Electrophysiological And Imaging Modalities

• Critical Flicker Frequency: Quantifies low-grade encephalopathy in children >8 years. Patients perceive flicker only below 39 Hz threshold.
• Electroencephalogram: Grades severity (0-4) based on background rhythm slowing and presence of delta/theta waves.
• Neuroimaging: Computed tomography excludes organic causes (intracranial hemorrhage, tumors). Magnetic resonance imaging detects cerebral edema and demyelination.

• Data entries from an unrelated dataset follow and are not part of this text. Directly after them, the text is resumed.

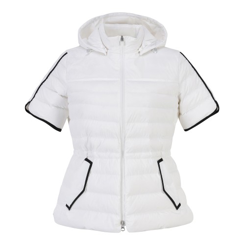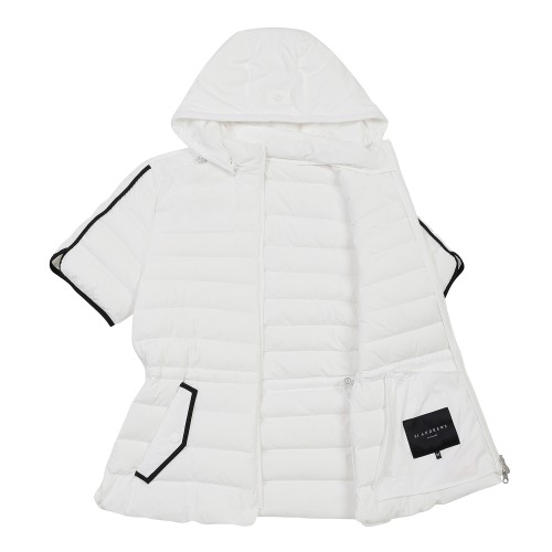 여성 탈착 후드 구스 다운 슬림 반팔 점퍼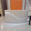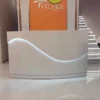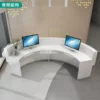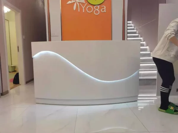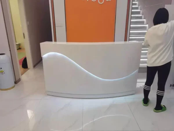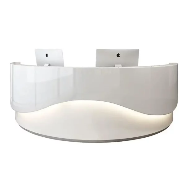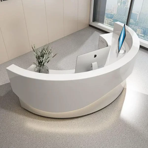 This sleek reception desk is a epitome of modern minimalism, crafted to elevate the entrance of tech firms, clinics, or boutique businesses. Its glossy white curved design with integrated LED lighting exudes a sense of innovation and professionalism. The seamless surface and ample workspace make it both a functional hub and a visual highlight, leaving visitors with an impression of sleek efficiency.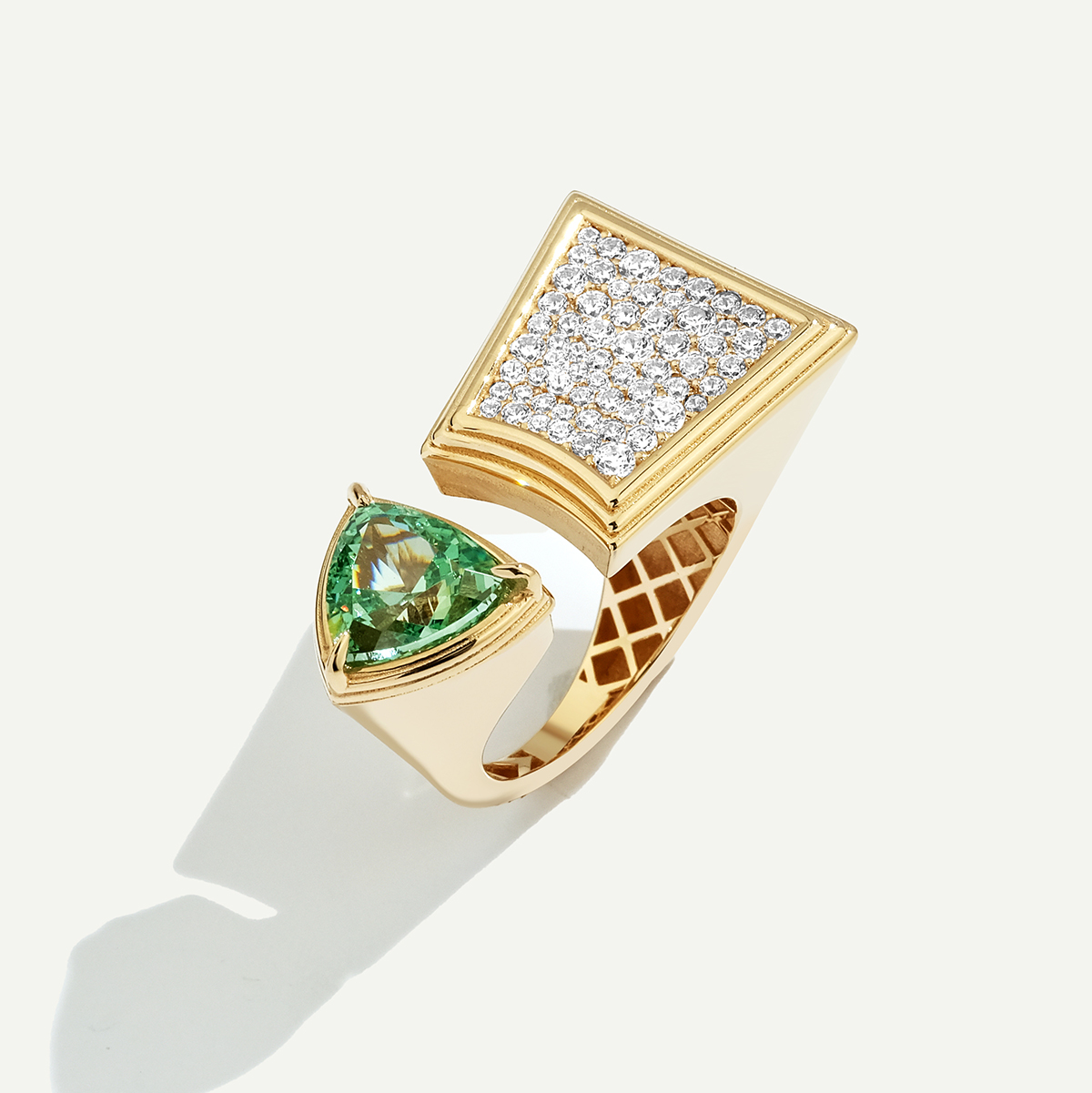 14 Ayar Altın Açık Formlu Yeşil Taşlı Yüzük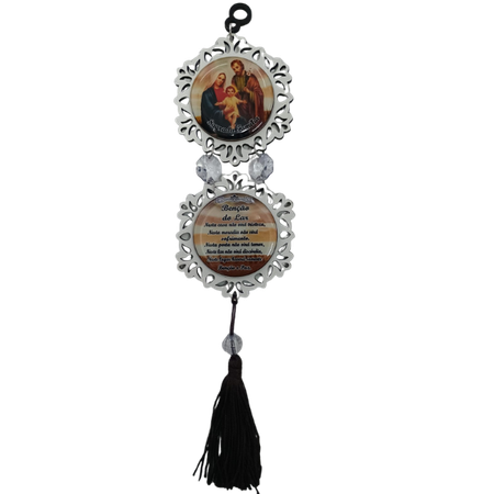 Pode ser pendurado facilmente em paredes, portas ou altares Esse adorno apresenta acabamento simples e prático, ideal para ambientes pequenos ou como complemento decorativo. As imagens da Sagrada Família mostram Jesus, Maria e José em posição tradicional, fortalecendo o simbolismo religioso. Em um dos círculos, há uma oração com bênção para proteção do lar. O produto conta ainda com cristais decorativos e um tassel na parte inferior para um toque artesanal.

Proton magnetic resonance spectroscopy measures elevated brain glutamine and depleted myo-inositol/choline.

Management Strategies

General Resuscitation And Monitoring

• Stabilize patient; actively identify and reverse precipitating factors.
• Elective intubation indicated for grade 3 or 4 encephalopathy for airway protection and facilitating hyperventilation.
• Optimize intravascular hydration; monitor central venous pressure (target 6-8 cm H2O).
• Avoid rapid fluid boluses; exacerbates cerebral edema.
• Avoid sedatives; prefer opiates over benzodiazepines if sedation mandated for mechanical ventilation.

Nutritional Therapy

• Maintain adequate caloric intake.
• Restrict protein (1 g/kg) only initially (first 24-48 hours) or in intractable encephalopathy.
• Prolonged protein restriction contraindicated; worsens catabolism and depletes muscle mass.
• Muscle acts as critical ammonia buffer; muscle loss exacerbates hyperammonemia.
• Prefer plant protein and branched-chain amino acids over animal protein and aromatic amino acids.

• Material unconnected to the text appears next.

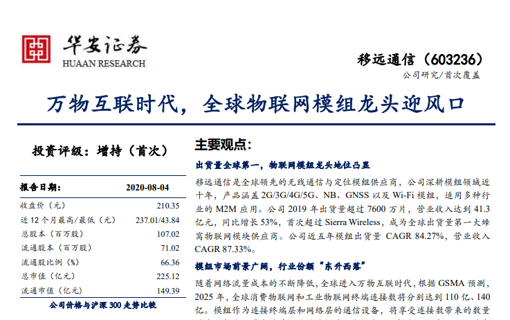移远通信-万物互联时代全球物联网模组龙头迎风口

Ammonia-Lowering Pharmacotherapy

• Lactulose: Decreases colonic pH to ~5, reducing bacterial fermentation. Converts ammonia to non-diffusible ammonium ion for fecal excretion. Titrate dosage to achieve three soft stools daily.
• Lactitol: Non-absorbable sugar alternative; more palatable than lactulose.
• Antibiotics: Rifaximin offers safe oral bowel decontamination; superior safety profile compared to neomycin (neomycin associated with nephrotoxicity and ototoxicity).
• L-ornithine-L-aspartate: Enhances transaminase activity converting ammonia to non-toxic glutamate. Maximum infusion rate 5 g/h (up to 20 g/day); not recommended for children <8 years.
• Ammonia Scavengers: Sodium benzoate and sodium phenylacetate eliminate ammonia via alternate pathways (excreted renally as hippuric acid and phenylacetyl-glutamine).

Cerebral Edema Management

• Administer mannitol (0.5 g/kg 20% solution bolus over 15 minutes). Repeat if serum osmolarity <320 mOsm/L.
• Induce mild cerebral hypothermia (32-35°C).
• Maintain hypernatremia (serum sodium >145 mmol/L) to prevent fluid shifts.
• Maintain cerebral perfusion pressure >50 mm Hg utilizing inotropic agents (noradrenaline preferred).
• Consider continuous kidney replacement therapy for hyperammonemia >150-200 µmol/L with grade III-IV encephalopathy.

Definitive Therapy

• Liver transplantation remains sole definitive treatment for reversing chronic hepatic encephalopathy and end-stage liver disease.